__What is being asked__:
Up to and including the line that contains "Turn heads on", repeat the entries below exactly from the first line on. Do not carry over any pictures.

──────────────────────────────

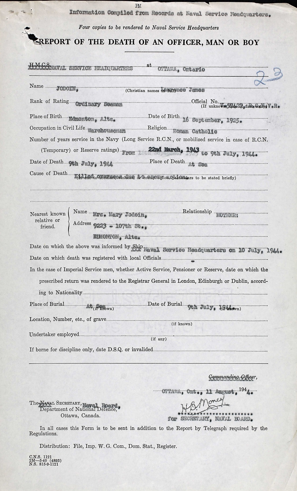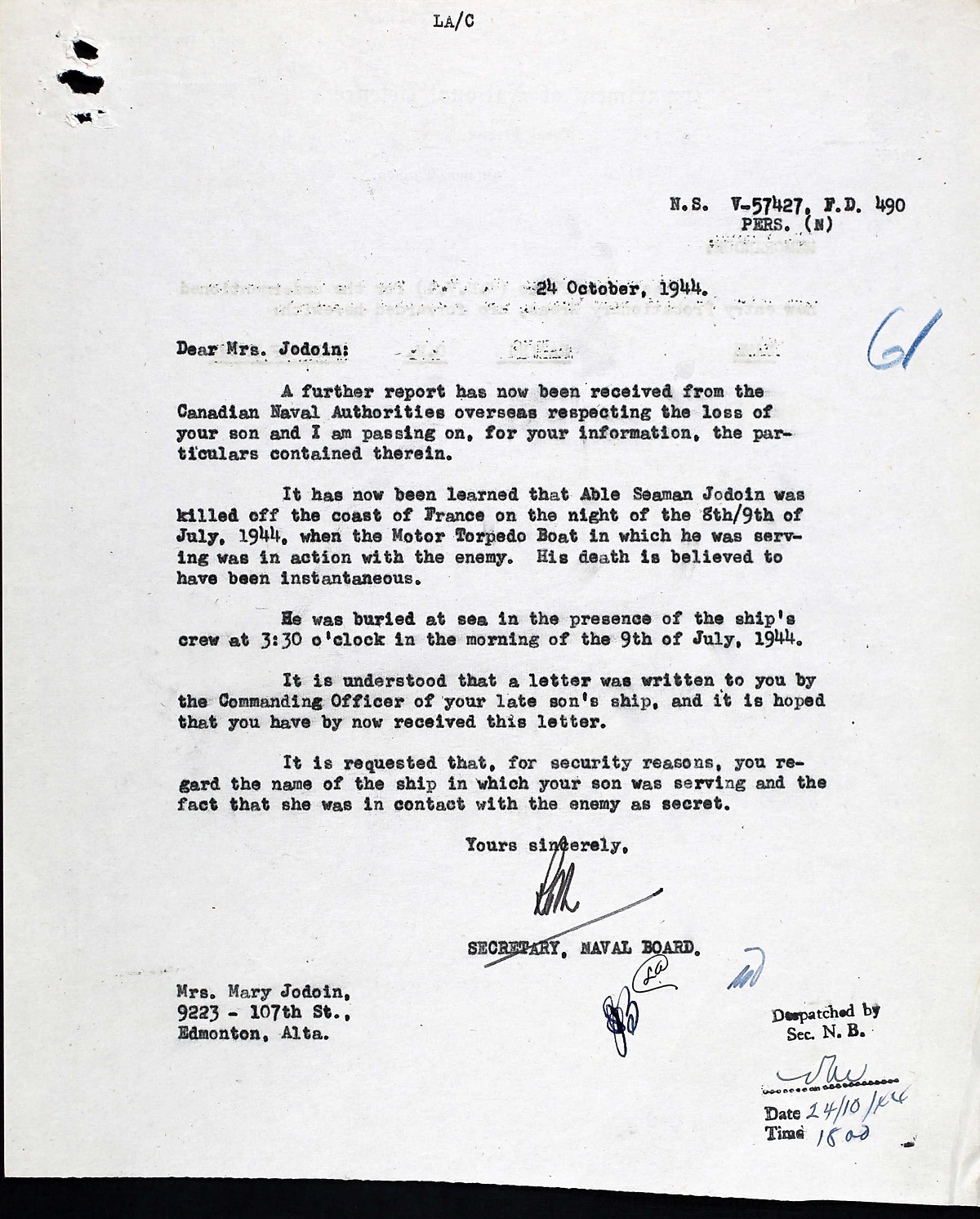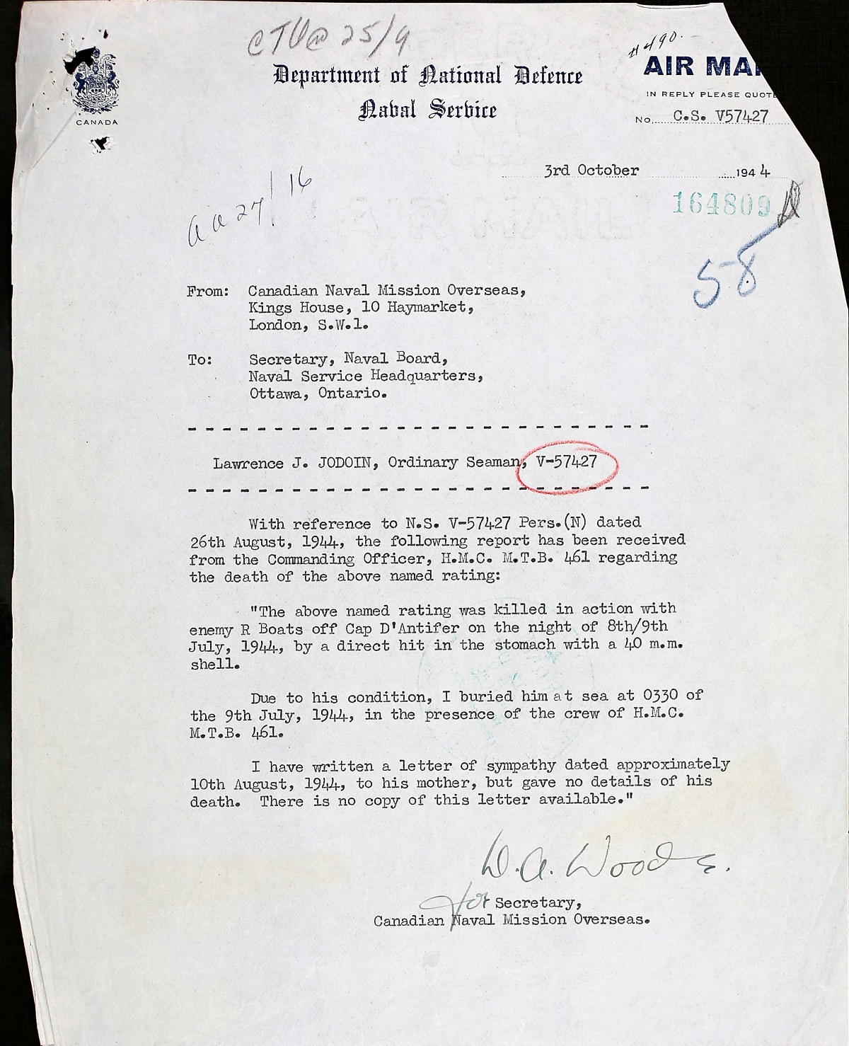 Able Seaman L. J. Jodoin was killed instantly serving on MTB-461 which was off the French coast near Cap D'Antifer. Lawrence received a direct hit to the stomach from a 40 mm. German shell. He was buried at sea.
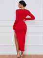 Turn heads on your next night out in this figure-flattering twist cutout long-sleeve high-slit maxi dress, adorned with angular cutouts and soft gathers along the waist with a high slit.
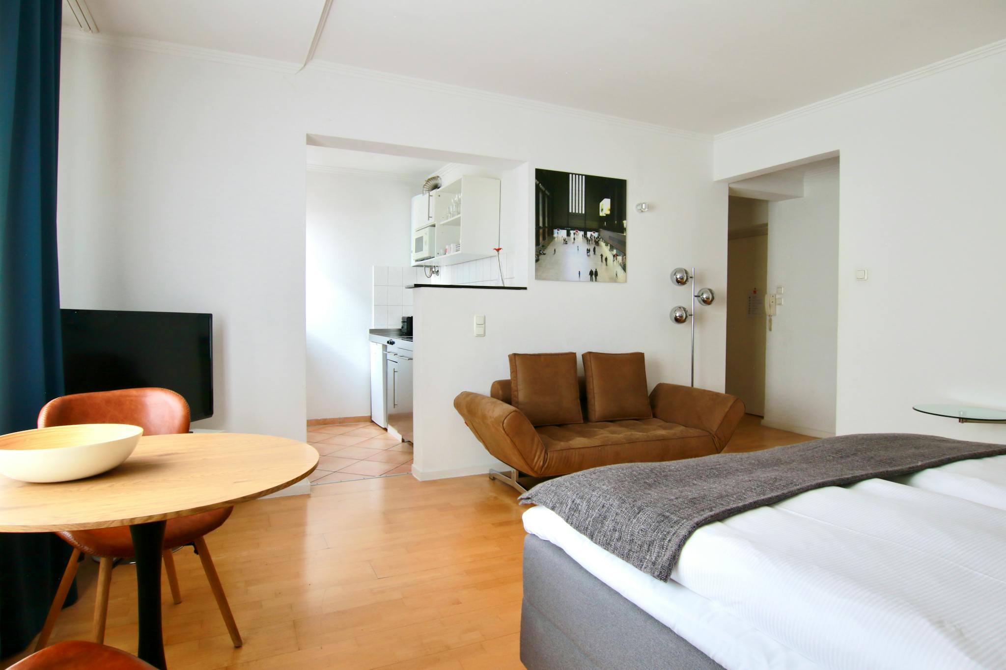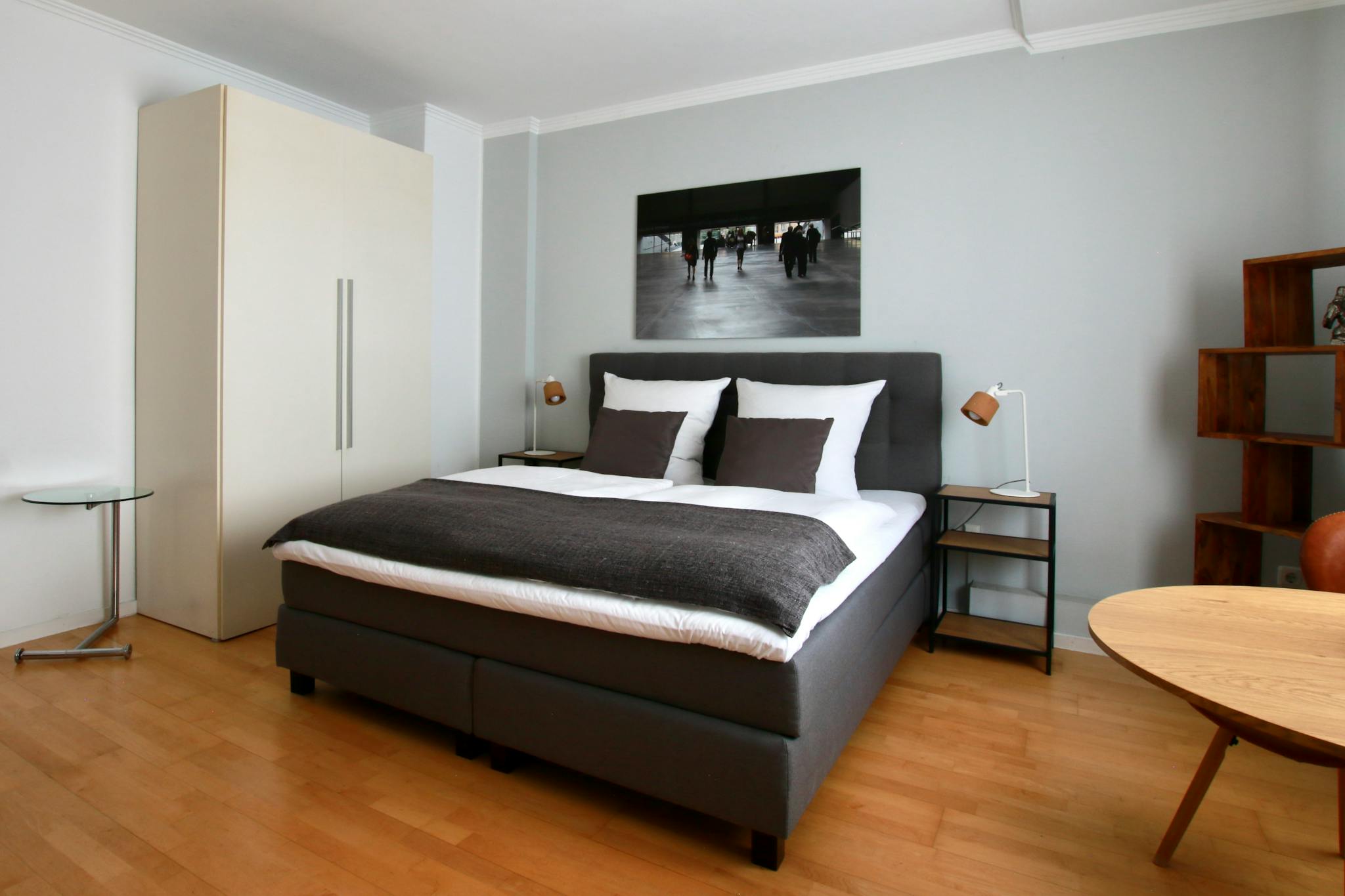 32qm großes Studio-Apartment im 1. Stock eines 6-stöckigen Apartmenthauses an einer Straßenkreuzung im quirligen Belgischen Viertel. Der Schlaf-/Wohnraum mit Laminatboden verfügt über ein Boxspringbett (180cm breit), Kleiderschrank, Bügeleisen & Bügelbrett, Sofa, TV, kleines Wannenbad mit Föhn, und voll ausgestattete Küche mit Kühlschrank, Cerankochfeld, Wasserkocher, Kaffeemaschine, Toaster und Mikrowelle.
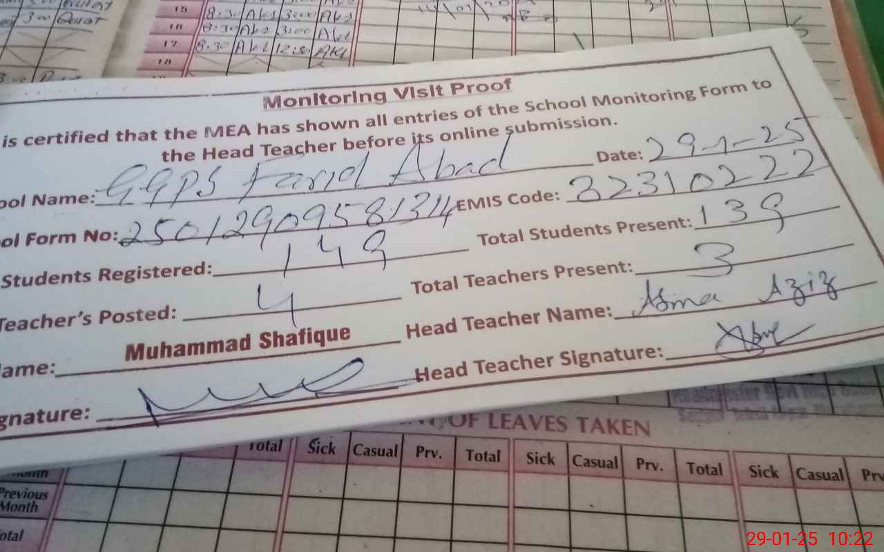 | Name: Fa**** Ya**** Designation: (School Headmaster's/Headmistress's) PST Phone/Cell Number: 03**** |
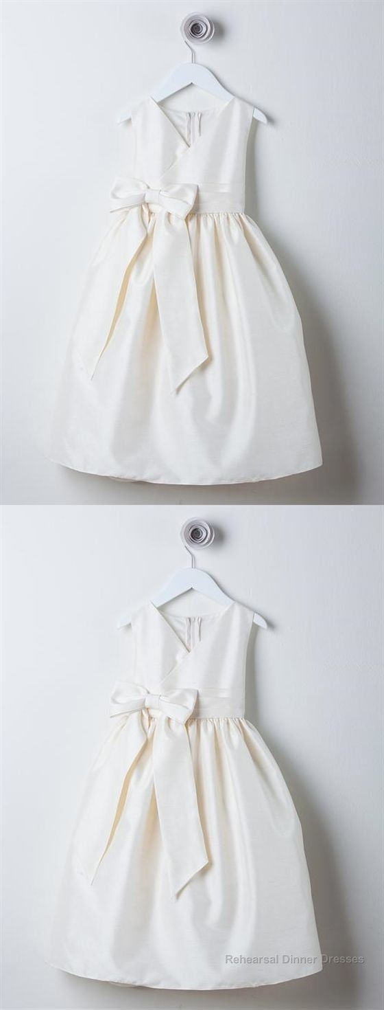 Simple Ivory V Neck Sleeveless A Line Satin Flower Girl Dresses With Bowknot
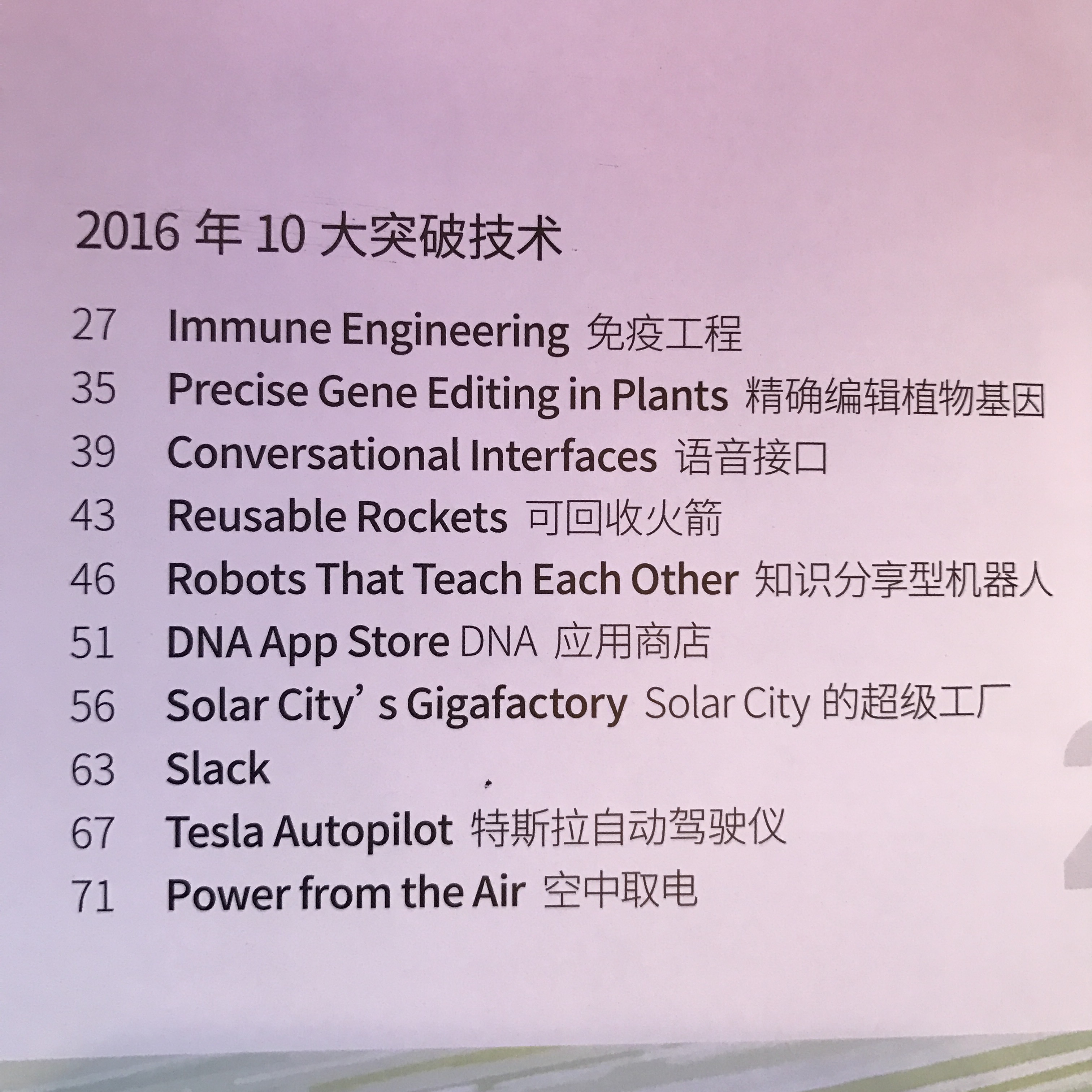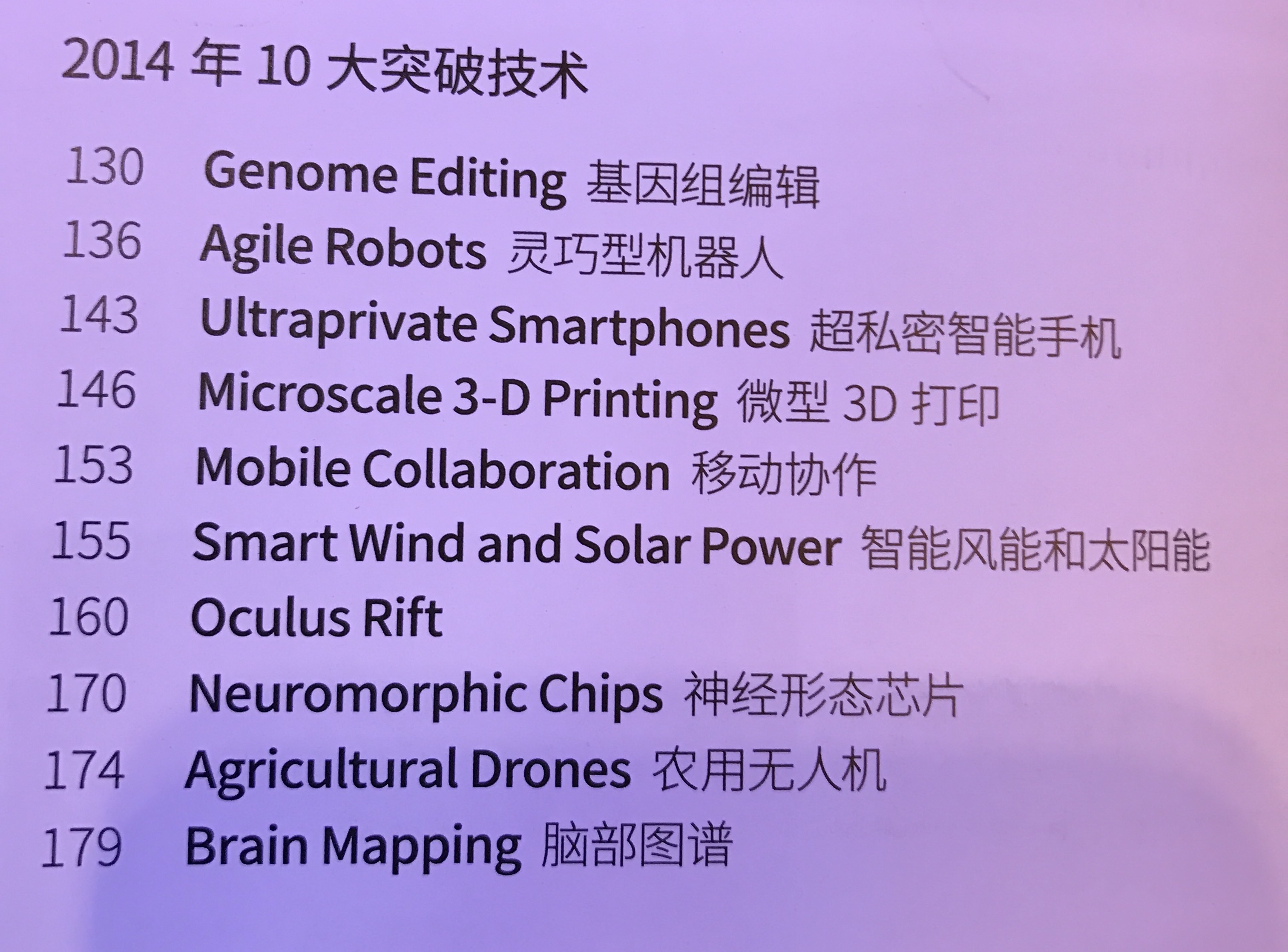 2016年:(以下圖片拍自《麻省理工科技評論》出版的《科技之巔》一書,由中國工信出版集團和人民郵電出版社出版)

──────────────────────────────

__Answer to the exercise__:
 Able Seaman L. J. Jodoin was killed instantly serving on MTB-461 which was off the French coast near Cap D'Antifer. Lawrence received a direct hit to the stomach from a 40 mm. German shell. He was buried at sea.
 Turn heads on your next night out in this figure-flattering twist cutout long-sleeve high-slit maxi dress, adorned with angular cutouts and soft gathers along the waist with a high slit.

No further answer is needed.